Department of Environmental Health Sciences, Columbia University Mailman School of Public Health, New York.
Department of Epidemiology, Columbia University Mailman School of Public Health, New York.
JAMA Netw Open. 2024 Aug 1;7(8):e2425981. doi: 10.1001/jamanetworkopen.2024.25981.
Large language models (LLMs) have potential to increase the efficiency of information extraction from unstructured clinical notes in electronic medical records.
To assess the utility and reliability of an LLM, ChatGPT-4 (OpenAI), to analyze clinical narratives and identify helmet use status of patients injured in micromobility-related accidents.

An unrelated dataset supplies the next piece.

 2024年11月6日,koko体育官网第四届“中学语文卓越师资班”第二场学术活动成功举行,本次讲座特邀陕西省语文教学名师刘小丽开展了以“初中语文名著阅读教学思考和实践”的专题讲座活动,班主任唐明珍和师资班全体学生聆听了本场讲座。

DESIGN, SETTING, AND PARTICIPANTS: This cross-sectional study used publicly available, deidentified 2019 to 2022 data from the US Consumer Product Safety Commission's National Electronic Injury Surveillance System, a nationally representative stratified probability sample of 96 hospitals in the US. Unweighted estimates of e-bike, bicycle, hoverboard, and powered scooter-related injuries that resulted in an emergency department visit were used. Statistical analysis was performed from November 2023 to April 2024.

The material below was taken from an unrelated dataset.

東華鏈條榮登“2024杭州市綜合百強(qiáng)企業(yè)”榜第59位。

Patient helmet status (wearing vs not wearing vs unknown) was extracted from clinical narratives using (1) a text string search using researcher-generated text strings and (2) the LLM by prompting the system with low-, intermediate-, and high-detail prompts. The level of agreement between the 2 approaches across all 3 prompts was analyzed using Cohen κ test statistics. Fleiss κ was calculated to measure the test-retest reliability of the high-detail prompt across 5 new chat sessions and days. Performance statistics were calculated by comparing results from the high-detail prompt to classifications of helmet status generated by researchers reading the clinical notes (ie, a criterion standard review).
Among 54 569 clinical notes, moderate (Cohen κ = 0.74 [95% CI, 0.73-0.75) and weak (Cohen κ = 0.53 [95% CI, 0.52-0.54]) agreement were found between the text string-search approach and the LLM for the low- and intermediate-detail prompts, respectively. The high-detail prompt had almost perfect agreement (κ = 1.00 [95% CI, 1.00-1.00]) but required the greatest amount of time to complete. The LLM did not perfectly replicate its analyses across new sessions and days (Fleiss κ = 0.91 across 5 trials; P < .001). The LLM often hallucinated and was consistent in replicating its hallucinations. It also showed high validity compared with the criterion standard (n = 400; κ = 0.98 [95% CI, 0.96-1.00]).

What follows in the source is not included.